In determining whether or not to declare that a party has acquired land by adverse possession, there are certain principles which must be met as quoted by Sergon J in the case of Gerald Muriithi v Wamugunda Muriuki&Another (2010) eKLRwhile referring to the case of Wambugu v Njuguna (1983) KLR page 172 the Court of Appeal held as follows;

1. In order to acquire by statute of limitations title to land which has a known owner the owner must have lost his right to the land either by being dispossessed of it or by having continued his possession of it. Dispossession of the proprietor that defeats his title are acts which are inconsistent with his enjoyment of the soil for the purpose for which he intended to use it. The respondent could and did not prove that the appellant had either been dispossessed of the suit land for a continuous period of twelve years as to entitle him, the respondent to title to the land by adverse possession.

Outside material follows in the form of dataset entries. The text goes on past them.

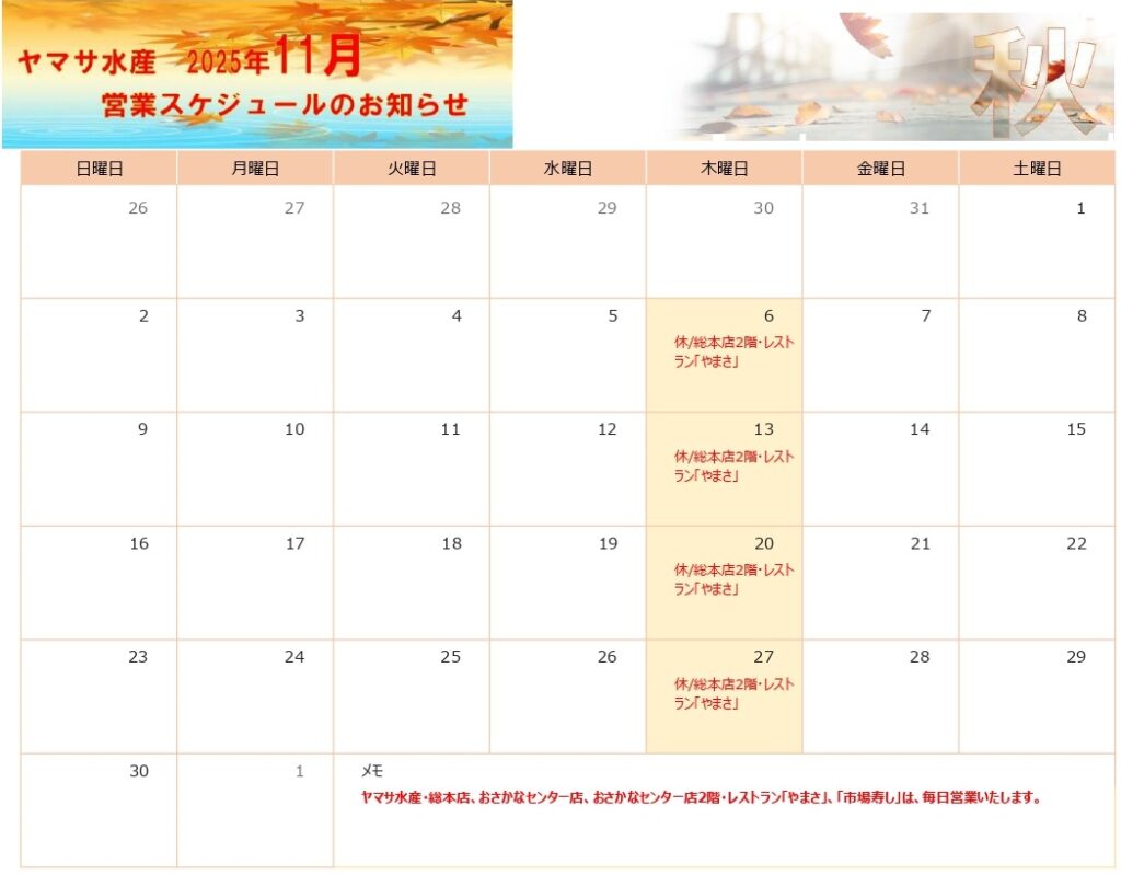 2025年11月の各店舗の営業スケジュールをお知らせします。
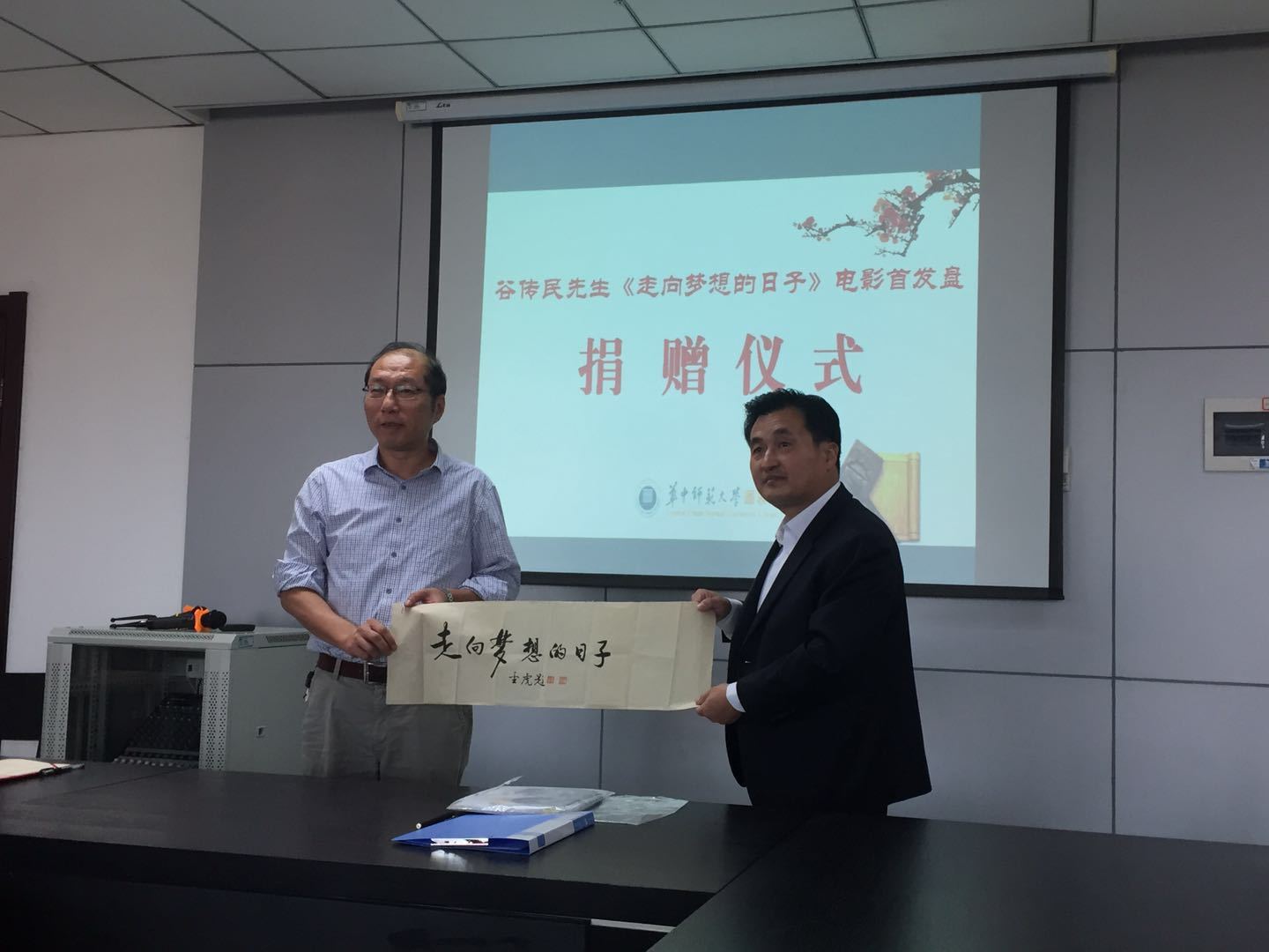 10月10日,由华中师范大学文学院校友、词作家、编剧谷传民先生编剧的《走向梦想的日子》电影首发盘捐赠仪式在该校图书馆九楼风雅斋举行。
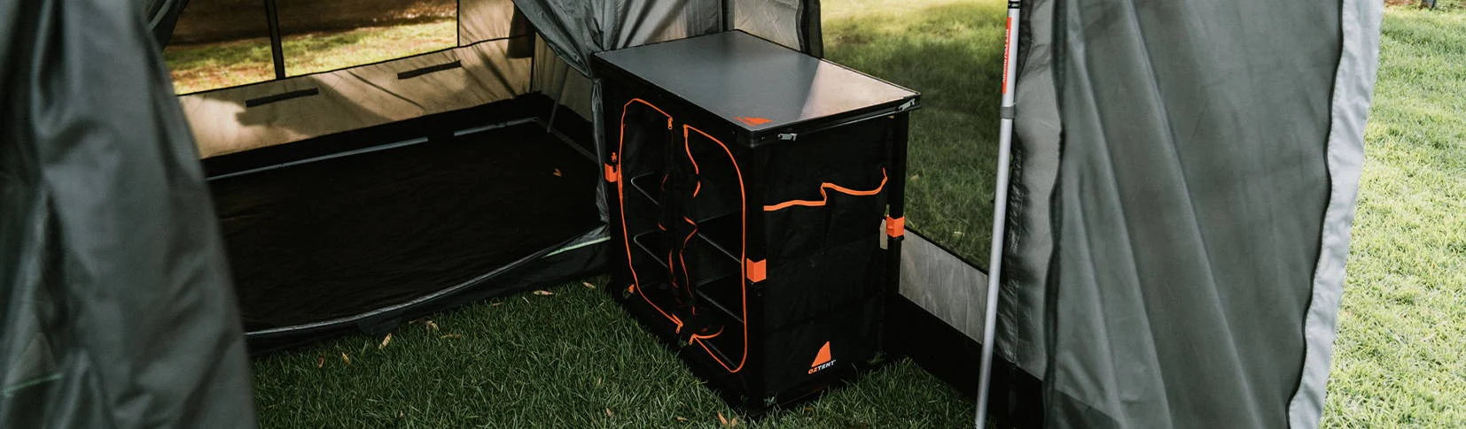Introducing the OZTENT Double Camper Cupboard! Building on the ever popular OZTENT Camper Cupboard – the Double Camper Cupboard features easy setup and pack down, 2 storage areas with 3 shelves each, extra large side pockets, a laminated aluminium resin bench top and it all packs down to a flat pack size which is perfect for your next camping adventure.

2. The limitation of Actions Act, on adverse possession contemplates two concepts: dispossession and discontinuance of possession. The proper way of assessing proof of adverse possession would then be whether or not the title holder has been dispossessed or has discontinued his possession for the statutory period and not the claimant has proved that he has been in possession for the requisite number of years.

3. Where a claimant pleads the right to land under an agreement and in the alternative seeks adverse possession, the rule is: the claimant’s possession is deemed to have become adverse to that of the owner after the payment of the last installment of the purchase price. The claimant will succeed under adverse possession upon occupation for at least 12 years after such payment.

In applying these principles to the present case, it is a finding of fact in that the suit land parcel No. Bunyala/Budonga/1808 and Bunyala/Budonga/929 measuring 2 acres and 3. 5 acres respectively are registered in the names of the 2nd Defendant Andrew Mbayaki Makokha herein (PEx 2&3 a copy of the certified true copy of the original register). Sometimes on the 28th December 1998 PW1 bought the two portions of land and paid the entire purchase price in installments upto a total of Ksh.302,500 (Three Hundred and Two Thousand Five Hundred Shillings). The written agreements were produced in court as exhibits (PEx1). The Plaintiff then took occupation of the said parcels of land and started cultivating sugar cane under the cane contract at the local miller Mumias Sugar Company Limited. PW1 has been using same peacefully till early 2012 when he found out that the 1st Defendant had secretly transferred the land to somebody else. They convened a meeting which was held at James home at Shitoto, Shianda. The 1st Defendant admitted that he had actually sold the land to someone else.I find that the plaintiff has established that there was a continuous, peaceful and uninterrupted occupation for a period of over twelve (12) years from 1998 to 2012. The defence is a mere denial. I find that the plaintiff has established his case on a balance of probabilities and grant the following orders;

1. Order declaring him (plaintiff) the owner of L.P Nos. Bunyala/Budonga/929 and Bunyala/Budonga/1808 measuring 3. 5 acres and 2 acres respective, hence the same be transferred to him by the defendants.

2. Costs of this suit to the plaintiff.

It is so ordered.

DELIVERED, DATED AND SIGNED AT KAKAMEGA IN OPEN COURT THIS 16TH DAY OF MAY 2018.